Любовь к Фаине — самая сильная и самая подлин­ная страсть в Мальгинове. Автор утверждает это серь­езно и твердо. Ну, струсил немного герой, а вы бы не струсили на его месте? Ну, хотел все уладить, чтобы шито-крыто, чтобы все шло как шло, как вчера, так и завтра, а вы бы не хотели? Что бы там ни было, мелкий он по-вашему или крупный, одаренный человек, он же любил ее! Вот в чем дело!

Любил. И эта любовь такова: «У нее была прекрас­ная грудь — грудь, которая составила бы честь восемна­дцатилетней девушке»; «На груди кожа была особенно тонкой и гладкой. Ты медленно водил по ней пальцем, касался языком пупырчатого соска»; «Чутким пальцем ведешь по тонкой, изумительной белизны коже с голубыми прожилками, подкрадываешься к коричневому соску, который пугливо съеживается, темнеет, пупырыш­ки проступают на нем»; «Узкая и гибкая, умеренно обна­женная, с родинкой чуть выше линии выреза...»; «Салат­ное платье ровно и тонко облегает узкую спину... Сзади светлеет аккуратный вырез, проходящий чуть ниже не­большой родинки».

Что любовь «отрицательно-положительного» Мальгинова, что любовь «положительно-отрицательного» Рябова — «художественные средства» те же. Герои явно не стесняются, есть ли для них что-нибудь такое, что не выговоришь? Женское тело описывается с дотошностью естествоиспытателя, с лупой в руках исследующего свой предмет...

Автор чувствует себя молодцом, оттого что его герои свободны от всяких условностей... О «пупырышках» любимой готовы растрезвонить всему свету... Какая-то удивительная тяга к публичности, к коллективному раз­глядыванию и смакованию... Чем-нибудь другим поде­литься не хочется, а этим непременно и поскорее...

(Кстати, Р. Киреев, видимо, впервые в мировой лите­ратуре изобразил пылкую любовь в зубоврачебном кресле. Будущая жена Мальгинова была зубным врачом... Жаль, что не принято патентовать «художественные от­крытия» этого рода. Состязательность в этой увлекатель­ной области нарастает, и нельзя, чтобы чей-то авторский приоритет был ущемлен. Если, например, в «Ягодных местах» Е. Евтушенко изображена любовь в детской пе­сочнице с совком под спиной, то все последующие описа­ния аналогичных случаев, даже самые высокохудоже­ственные, должны быть осознаны критикой как вторич­ные.)
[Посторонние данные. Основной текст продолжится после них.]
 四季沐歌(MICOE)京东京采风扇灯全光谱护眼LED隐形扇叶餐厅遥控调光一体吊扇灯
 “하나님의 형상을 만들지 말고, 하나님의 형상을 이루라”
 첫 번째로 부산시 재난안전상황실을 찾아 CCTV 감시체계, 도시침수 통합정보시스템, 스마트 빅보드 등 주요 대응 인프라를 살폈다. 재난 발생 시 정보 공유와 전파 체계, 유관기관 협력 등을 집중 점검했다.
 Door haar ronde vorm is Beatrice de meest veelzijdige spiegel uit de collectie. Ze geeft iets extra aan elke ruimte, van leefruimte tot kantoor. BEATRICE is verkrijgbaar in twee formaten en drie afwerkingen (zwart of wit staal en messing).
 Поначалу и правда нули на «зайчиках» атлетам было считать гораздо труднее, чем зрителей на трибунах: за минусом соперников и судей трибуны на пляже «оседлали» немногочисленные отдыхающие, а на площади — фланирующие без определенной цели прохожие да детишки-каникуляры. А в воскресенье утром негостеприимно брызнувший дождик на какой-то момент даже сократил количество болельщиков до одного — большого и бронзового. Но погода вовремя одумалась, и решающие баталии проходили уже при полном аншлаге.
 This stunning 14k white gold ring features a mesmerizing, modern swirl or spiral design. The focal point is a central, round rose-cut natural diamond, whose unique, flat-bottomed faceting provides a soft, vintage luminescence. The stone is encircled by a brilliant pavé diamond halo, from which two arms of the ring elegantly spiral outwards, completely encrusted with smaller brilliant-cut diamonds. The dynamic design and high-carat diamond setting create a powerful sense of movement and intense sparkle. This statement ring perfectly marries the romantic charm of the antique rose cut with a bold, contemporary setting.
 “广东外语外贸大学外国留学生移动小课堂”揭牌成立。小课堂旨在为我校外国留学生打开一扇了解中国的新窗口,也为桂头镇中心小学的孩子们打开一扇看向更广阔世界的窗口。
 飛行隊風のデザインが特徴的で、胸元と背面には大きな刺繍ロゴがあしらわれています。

В мальгиновских страстях, кажется, есть все, — ка­кова зоркость! а вкус? — но один недостаток: нет ничего похожего на истинную любовь к другому человеку. В живописаниях страстей нет места для живого чувства, для жизни души и духа.

«Как идет ей, оказывается, салатный цвет!» — послед­нее воспоминание героя о Фаине.

История Мальгинова и Фаины прекрасно умещается в несколько строк из стихотворения Ю. Кузнецова «Муж­чина и женщина»: «Не плачь!» Покорилась тебе. Вы стояли: // Ты гладил, она до конца // Прижалась к ру­кам, что так нежно стирали... // О, если бы слезы с лица! // Ты выдержал верно упорный характер, // Всю стер — только платья висят...»

В «Победителе» и «Апологии» много платья: с выре­зом и без выреза. Как в шкафу. Душа женщины, ее вну­тренний мир, индивидуальность отсутствуют. Женщи­ны — проходные персонажи в мужских драмах. Душа Фаины исчезает прежде, чем совершается это непред­умышленное убийство каким-то неудачным лекарством. Мир Фаины, ее судьба, ее оценка жизни и людей ни ге­рою, ни автору не интересны.

Не «перечеркиваю» ничьих романов и повестей; о раз­нообразных их достоинствах сказано немало: и критика­ми, и авторами друг о друге. Но если кто-то позволяет себе писать «как вздумается», то почему отказывать себе в праве писать всего-навсего, как думаешь и веришь?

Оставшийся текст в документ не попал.